NOURISHING LANGUAGE DEVELOPMENT IN EARLY CHILDHOOD

Child Language Development

Child Language Development is the Development of a New World View!

Just imagine how wonderful the world must be to a newborn child. At first, it appears to a child as something glowing, noisy, hard or soft, full of smells and tastes. Then, it becomes even more fascinating and mysterious, with things taking shape, things moving, jumping in and out of sight, noises unraveling into music, smells into meals and flowers, the whole buzzing, sparkling sight of appearances merging into other appearances, from morning to night. Changes and states, changes and states, and all the while Mom and Dad are naming this, naming that. Out of this confusion and punctuations of moment and rest, child language development gathers together a world of words, of subjects and actions that their miraculous human minds put together as a world represented and expressed as language. How utterly wondrous is the human mind and our extraordinary power to speak!

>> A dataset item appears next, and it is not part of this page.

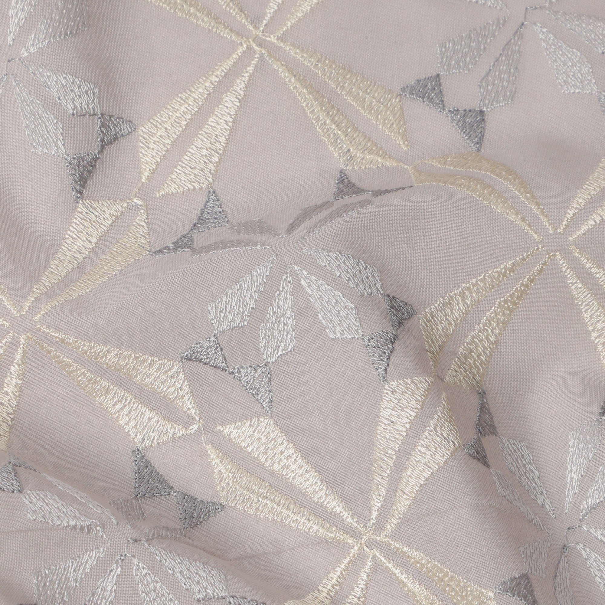 Light Grey Geometric Floral Pattern Cotton Voile Embroidery Fabric, 110 cm Width, Made in India-D24679

Even though child language development is slow, occurring over years, even into adulthood and old age, as it occurs, we never cease to be impressed by its acquisition. Humans were definitely made for speech. Speech, language, is the expression of thoughts, ideas, emotions, perceptions, sensations, and imaginings, of our subjective and objective experiences. It is the means by which we order the world for ourselves and between ourselves. Some argue language is our true reality. The word lies behind our experiences of the world, they say, rather than the world lying behind our language. Whichever the case may be, in child language development we see both reality and language developing for the child simultaneously.

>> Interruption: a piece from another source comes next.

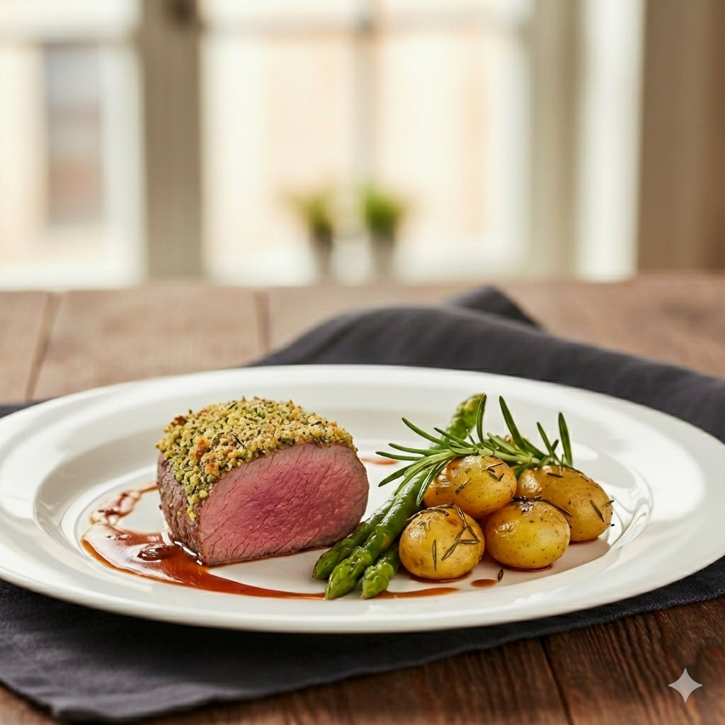 Kalbsrücken mit Kräuterkruste | grüner Pfannen-Spargel | junge Kartoffeln mit Rosmarinbutter sous vide gegart

Child language development occurs in phases. In the first months of a child's life, the speech apparatus begins to develop. Cooing, gurgling, crying, all these are preparing the mouth, throat, and vocal cords for the more refined and coordinated physical actions involved in speech. They're vocalizing. By 3 months, they're making vowel sounds, and by six months, after playing with sounds, they're making two syllable sounds. Between 7 and 12 months they're babbling, angel's speech, and around 13 months you'll hear them speak a word or two. By 18 months they're speaking more distinctly, and at 3 years they've got questions, hundreds of them. At the age of 4, they say the cutest things, using words with many malapropisms, and by 5 years they're speaking full sentences. From there it's speaking paragraphs with central themes.

The words that we use and that our children learn refer to objects and processes, their denotation, but also to related ideas or feelings, attitudes, implications, to connotations that are not the object or process the word points to. As children learn words, usually from adults or siblings, but also from peers, they learn the names of things and actions, but also attitudes towards these new words. Language development is also attitude development, value building. Language development and emotional development are closely related.

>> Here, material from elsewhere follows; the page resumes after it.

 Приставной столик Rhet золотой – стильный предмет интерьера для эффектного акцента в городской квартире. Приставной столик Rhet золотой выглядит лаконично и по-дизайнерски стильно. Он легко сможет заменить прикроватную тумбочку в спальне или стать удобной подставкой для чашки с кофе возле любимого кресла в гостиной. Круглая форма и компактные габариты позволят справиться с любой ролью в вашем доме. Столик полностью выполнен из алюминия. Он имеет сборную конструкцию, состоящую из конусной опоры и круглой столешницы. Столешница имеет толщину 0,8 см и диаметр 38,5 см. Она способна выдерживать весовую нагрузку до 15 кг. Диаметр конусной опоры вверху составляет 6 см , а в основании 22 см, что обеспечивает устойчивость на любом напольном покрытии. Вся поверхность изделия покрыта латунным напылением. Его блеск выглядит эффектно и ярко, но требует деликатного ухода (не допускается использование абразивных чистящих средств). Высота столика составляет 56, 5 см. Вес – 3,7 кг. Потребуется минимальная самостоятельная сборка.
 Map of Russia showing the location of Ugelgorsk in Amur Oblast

Child language development is a reflection of the development of the child's world view, of the child's understanding of reality. It's a wondrous process and one we should aid in its development without turning off our children to the joys of language. Look further into this power that distinguishes us from all the other creatures on earth. In the beginning, and throughout our lives, it's the word that holds our reality.

Comments

Hello, hello, profile image

Hello, hello, 17 months ago

A brilliantly written hub. I thoroughly enjoyed reading it.

Angela_1973 profile image

Angela_1973 16 months ago

"Child language development is a reflection of the development of the child's world view, of the child's understanding of reality."

This is my favorite part of your hub, it helps me understand why my children talk the way they do.

Why is it so easy to understand it from an article, but it takes you forever to understand your own kids?

Anyway, I love Vigotsky the best and his guided participation theory, too bad he died so young and could not finish his work.

CARIBQUEEN profile image

CARIBQUEEN 15 months ago

Great insights on child development. Everyday we learn something new. Knowledge is ever-increasing. Great job!